Walter Brueggemann, Genesis, Interpretation (Atlanta, GA: John Knox Press, 1982), 316–317:

The affirmation that the Lord is with Joseph is made twice at the beginning and twice at the end. Three times the result of the formula of accompaniment is prosperity, success (vv. 2, 3, 23). In those flat, undeveloped assertions, everything is said that needs to be said. This affirmation is the decisive claim of the entire narrative. So far as this narrative is concerned, everything is explained. It is not claimed that because of Yahweh everything will work out. Nor is it promised that the key actor will be easily saved from trouble. But the narrator offers an understanding of reality that is an alternative to every imperial presupposition of control.

Pastoral note

If you’re going through the mill, you need to know that the four-fold affirmation that the Lord was with Joseph is no isolated case. It’s the refrain all the way through Genesis, for all God’s people, in all their struggles, wherever they go:

  • Genesis 21:20 God was with the boy as he grew up.
  • Genesis 21:22 God is with you in everything you do.
  • Genesis 24:40 The Lord, before whom I have walked faithfully, will send his angel with you and make your journey a success.
  • Genesis 26:3 I will be with you and will bless you.
  • Genesis 26:24 I am the God of your father Abraham.

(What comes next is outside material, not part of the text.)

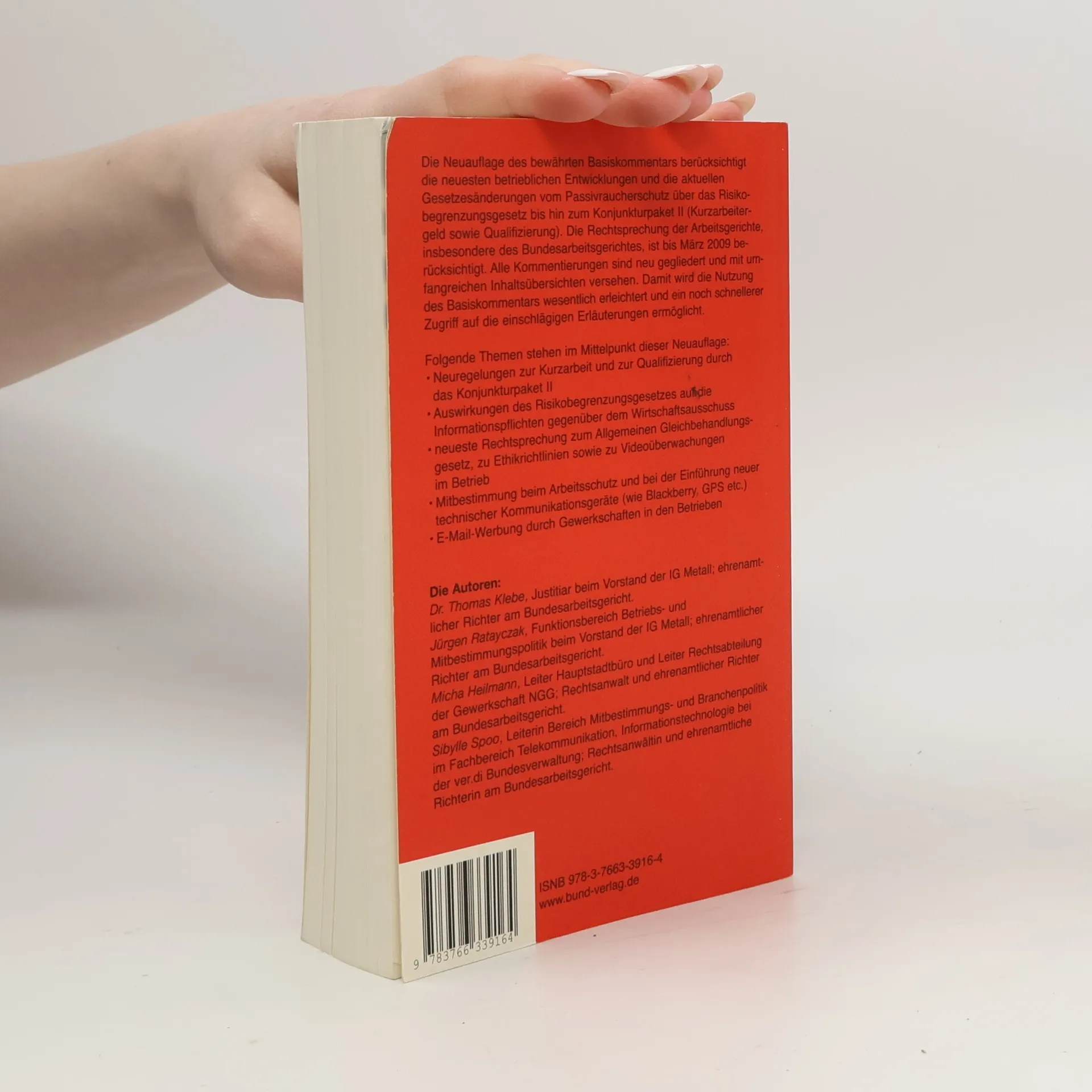 Der Basiskommentar ist das bewährte Handwerkszeug für jedes Betriebsratsmitglied. Leicht verständlich und prägnant erläutert er das gesamte Betriebsverfassungsrecht und bringt die Rechtsprechung auf den Punkt. Der Benutzer erhält zu vielen Einzelfällen einen Überblick über den gegenwärtigen rechtlichen Stand, die Meinung der Rechtsprechung und – wenn nötig – eine arbeitnehmerfreundliche Empfehlung der Autoren. Die 16. Auflage bietet neben den weiterhin aktuellen Fragen zu den Auswirkungen der Finanz- und Wirtschaftskrise auf die Arbeit des Betriebsrats u. a. folgende Schwerpunkte: - Änderungen des § 5 BetrVG - Datenschutznovelle 2009 - Gendiagnostikgesetzes - BAG zur außerordentlichen Verdachtskündigung - BAG zu den Sozialplanregelungen - BAG zu den Diskriminierungsverboten - BAG zur Beschwerdestelle nach dem AGG Gesetze und Rechtsprechung der 16. Auflage werden bis April 2010 – dem Zeitpunkt der BR-Wahlen – ganz aktuell eingearbeitet. Die Vorteile: - Breite Akzeptanz unter Betriebsräten, Fachanwälten - Praxisempfehlungen für zahlreiche Einzelfälle - Kompakt und gut verständlich in der Darstellungsweise

Do not be afraid, for I am with you.
  • Genesis 26:28 We saw clearly that the Lord was with you.
  • Genesis 28:15 I am with you and will watch over you wherever you go, and I will bring you back to this land. I will not leave you until I have done what I have promised you.
  • Genesis 31:3 Go back to the land of your fathers and to your relatives, and I will be with you.
  • Genesis 31:5 the God of my father has been with me.
  • Genesis 35:3 I will build an altar to God, who answered me in the day of my distress and who has been with me wherever I have gone.